A Pedagogical Framework for Physics-Informed Machine Learning: From Classical Pendulum to Quantum Anharmonic Oscillator Using PyTorch on Modern GPU Hardware
Enis Yazici
Abstract
We present a five-module pedagogical framework for teaching physics-informed machine learning (ML) through two progressively complex physical systems: a driven, damped nonlinear pendulum and a one-dimensional quantum anharmonic oscillator.
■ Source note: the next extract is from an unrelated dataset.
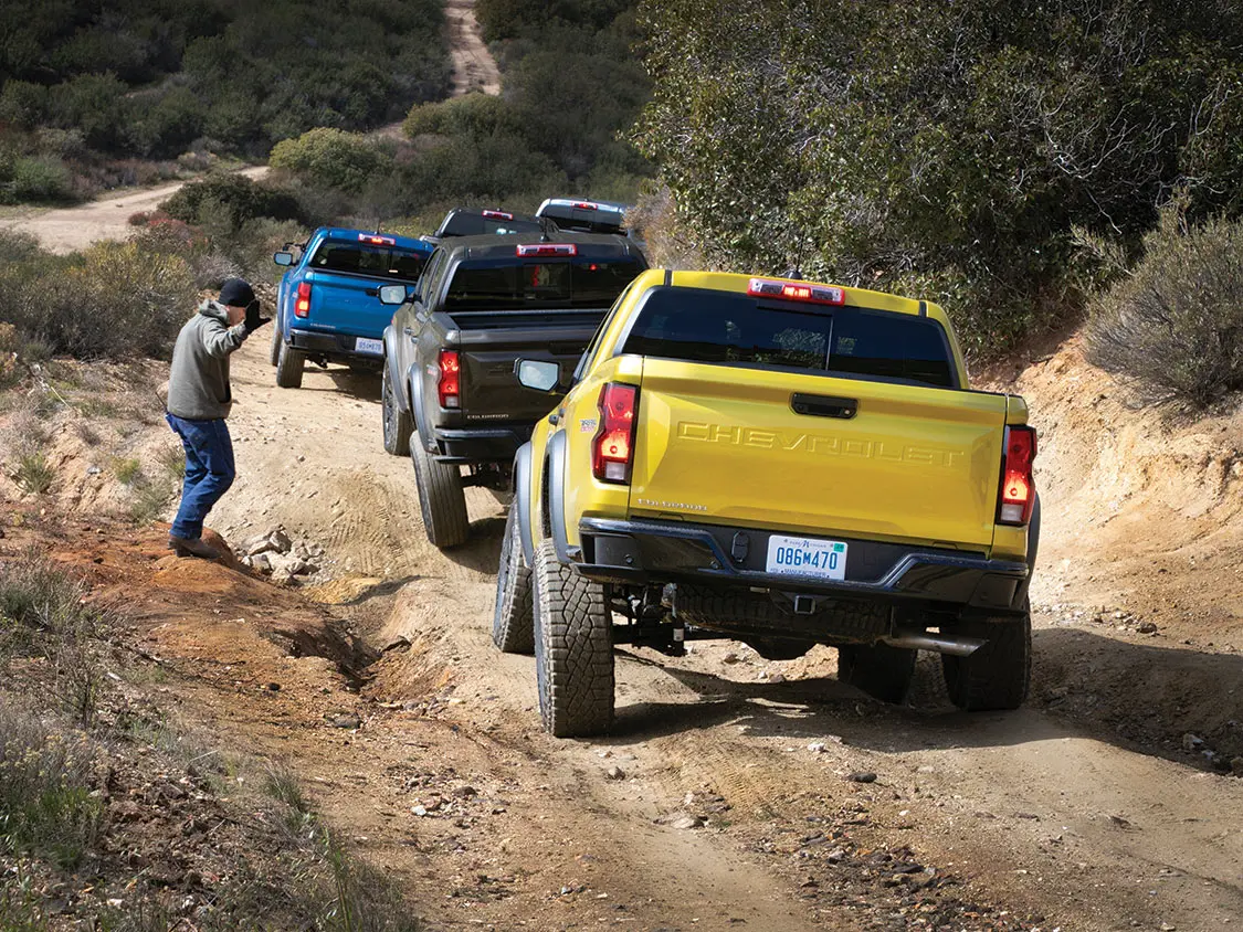 Both Colorado Trail Boss and Z71 were chomping at the bit for harder challenges than the trail we drove. Armed with high- and low-range capability, hill descent control, underbody camera (available on the Z71 and ZR2), and off-road and terrain modes, even the least “off-roady” of the off-roading trio, the Z71, was surefooted and could have handled more.
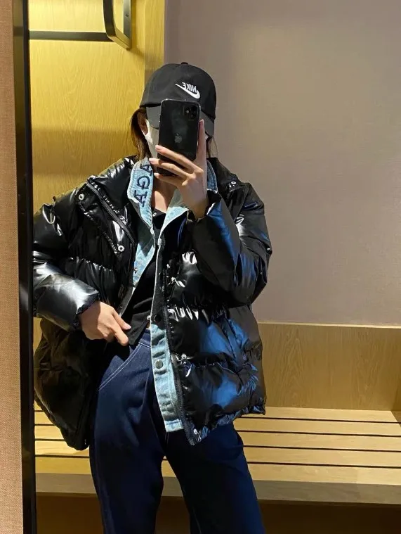Короткое пальто с подкладкой в Корейском стиле, Женская куртка на осень и зиму, новинка 2021, короткая стеганая куртка из двух частей с имитацией джинсовой ткани

Five model architectures are implemented and compared: a standard artificial neural network (ANN), a one-dimensional convolutional neural network (CNN), a long short-term memory (LSTM) network, and two physics-informed neural networks (PINNs) -- one per physical system. All models are implemented in PyTorch~2.9 and executed on an NVIDIA RTX~5090 GPU, making the framework directly applicable to modern deep learning laboratory courses. Quantitative benchmarks show that data-driven models achieve mean absolute errors of $1.3\times10^{-2}$~rad (pendulum ANN) and $4.4\times10^{-5}$~a.u.\ (quantum CNN), while the curriculum-trained pendulum PINN reaches an MAE of $3.1\times10^{-2}$~rad using only collocation points. A systematic CPU-vs-GPU benchmark reveals speedups ranging from $1.2\times$ (small ANN) to $24.6\times$ (LSTM), providing a concrete pedagogical demonstration of when GPU acceleration is -- and is not -- warranted. The framework is packaged as self-contained Jupyter notebooks designed for a graduate-level \emph{Deep Neural Networks for Physical Systems} course, with embedded reflection questions that guide students from data-driven thinking toward physics-constrained formulations.